Given the difficulties inherent in studying HTLV-1-induced CNS disease, it is not surprising that the mechanisms involved in pathogenesis are poorly understood. Unlike ATL, TSP/HAM can develop within several years of HTLV-1 infection (Osame et al. 1986a, 1987) and patients usually have a polyclonal HTLV-1 infection characterized by high levels of viral DNA (Greenberg et al. 1989; Yoshida et al. 1989; Gessain et al. 1990; Kira et al. 1991). The inflammatory response is the hallmark of this disease, but the factors that initiate and sustain it are not known (Jacobson 1992; Hollsberg and Hafler 1993, 1995). An autoimmune response mediated by infiltrating T cells that is directed against CNS products or a cytotoxic response against infected CNS cells could be involved. Late in the disease, patients with TSP/HAM contain high levels of cytotoxic T cells, many of which react with Tax (Jacobson et al. 1990, 1992; Elovaara et al. 1993). These cells are also found in CNS lesions (Bhigjee et al. 1991; Hara et al. 1994), suggesting that they may have a role in pathogenesis. Viral products are present at relatively low levels within the CNS, but these levels may be sufficient to induce disease. As mentioned earlier, low levels of Cas-Br-E MLV SU expressed by transgenic mice are sufficient to induce CNS lesions (Kay et al. 1993). The extended course of the disease could reflect the time required for inflammation to reach a critical level and neuronal damage to exceed a tolerable threshold.

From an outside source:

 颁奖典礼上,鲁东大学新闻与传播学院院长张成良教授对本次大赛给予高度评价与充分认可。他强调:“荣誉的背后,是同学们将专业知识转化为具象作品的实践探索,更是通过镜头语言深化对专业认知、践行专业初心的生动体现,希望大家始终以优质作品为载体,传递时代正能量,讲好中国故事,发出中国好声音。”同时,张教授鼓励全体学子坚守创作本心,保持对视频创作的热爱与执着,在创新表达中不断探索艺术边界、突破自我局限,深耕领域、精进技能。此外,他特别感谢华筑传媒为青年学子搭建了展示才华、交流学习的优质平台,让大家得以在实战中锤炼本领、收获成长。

If the pathogenesis of these viruses is to be understood, an experimental model must be developed in which viral replication, spread, and infection of the CNS can be studied. The only animal model available involves rats inoculated with HTLV-1-infected cells. Although these animals develop CNS lesions, the disease does not duplicate many of the important features of TSP/HAM (Ishiguro et al. 1992; Kushida et al. 1994). If a better animal system could be found, the recently isolated infectious HTLV-1 clones (Kimata et al. 1994; Derse et al. 1995) could be exploited to test the role of different gene products in pathogenesis. Although none of the available HTLV-1 transgenic mice develop parenchymal CNS disease (Hinrichs et al. 1987; Nerenberg et al. 1987; Iwakura et al. 1991; Grossman et al. 1995), this approach might also be fruitful if the relevant HTLV-1 products could be identified and targeted to the appropriate cell types. Such models would not reveal features of the disease that are caused by viral replication, but questions relating to the targets of the inflammatory response might be approachable.